CANCER: TRIPLE NEGATIVE. METASTATIC. BREAST.
I am beginning this blog in the Spring of 2019. My cancer will be 6-years-old in June. It made its first appearance as a lump that I could see and feel, in my left breast. The doctors found another one I couldn’t see or feel, in my right breast. I had a double mastectomy followed by chemotherapy. In February 2015, I discovered a “local recurrence”—cancer in a lymph node in my left axilla (armpit). I had surgery, in which fourteen lymph nodes were removed: the bad one plus thirteen innocents. After surgery, and healing from surgery, I had radiation. In December 2017, my left shoulder started to hurt. It hurt through bone scans and physical therapy, x-rays, MRIs, chiropracty, full body massage, and acupuncture. It hurt through the gradual loss of function in my left arm. It hurt like a bad day in hell. In July 2018, the right MRI, the right CT scan, and the right doctor came together to identify the tumor in and among the brachial plexus nerves in my left shoulder. Stage IV, Triple Negative, Metastatic Breast Cancer–which has recently spread to my lung and liver. I had radiation again and have now tried three different chemo regimens. The third one seems to be the charm. Fingers crossed.
ME: 59. CALIFORNIAN. RETIRED. UNUSUAL. MARRIED. ONE DAUGHTER.

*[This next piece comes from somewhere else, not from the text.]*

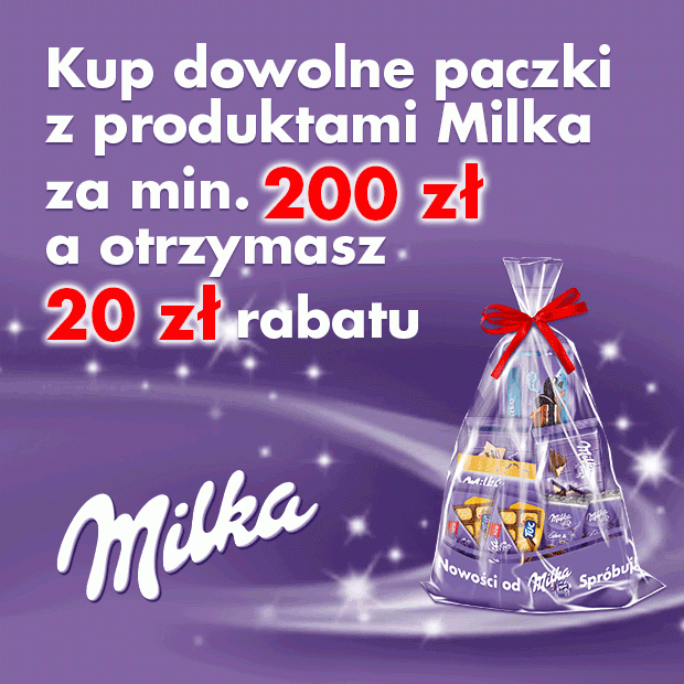 Konkurs "Kup dowolne paczki z produktami Milka za min. 200 zł i otrzymasz 20 zł rabatu"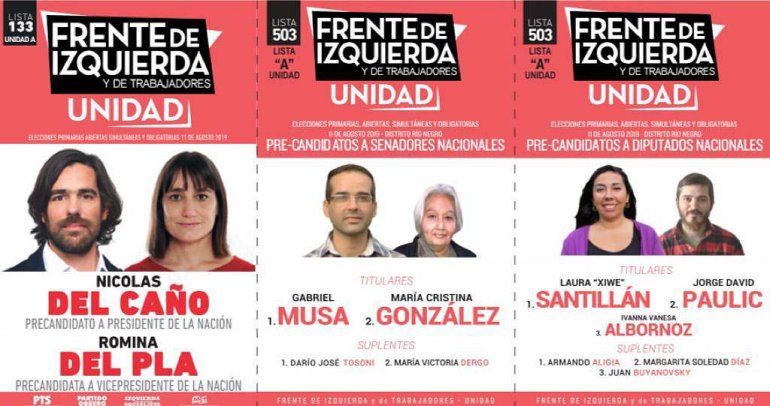 La lista 133 del Frente de Izquierda van bajo las precandidaturas de Nicolás del Caño para presidente y Romina del Pla como vice. El FiT rionegrino sólo postuló para el Senado a Gabriel Musa y María cristina González. Para diputados postularon a Laura "Xiwe" Santillán, Jorge David Paulic e Ivanna Vanesa Albornoz.

About me–the person inside-underneath-around the cancer: I’m a 59-year-old lady. I grew up in this foggy tourist town on the magnificent coast of central California and, after briefish sojourns in Baltimore, Boulder, and Palm Springs, I made my life here. For work: I spent five years with a book wholesaler, another five years in the hotel/food and beverage field, then twenty-four years administering rules and regulations for a government agency. I retired in 2015. I may look like your average middle-aged white lady with a thing for pretty clothes, but my mind acts like I’m a teenager with ADD. There’s a lot going on in there. Some of it is charming, unique, creative; the rest is dark, unsavory, disagreeable. I have a husband who’s a dreamboat and a darling grown-up daughter–my only progeny. I have always loved to write—have always known that I could express myself better in words on a page or screen than in words tumbling out of my graceless, pink-lipsticked mouth. And it’s now or never, my friends. Hence, this blog.
BLOG: THE THING ABOUT CANCER
This is my rant about the sadness and silliness, the pain and the absurdity, the aggravations and the ridiculousness of living under a medical death sentence. Keep reading. I think you’re going to like it.
Everyone’s experience of cancer, of care taking, of living in this crazy old universe, is unique. I will try to be gentle with advice here. I’m not an expert in anything. I’m not an expert in anything medical. I’m not an expert in anything psychological. With a memory like mine (brief, selective, Swiss cheese-ish), I’m not even an expert in my own story. Read with a grain of salt. Better yet, with a bag of those lavishly salted pretzels. Or whatever satisfies your cravings. Just read.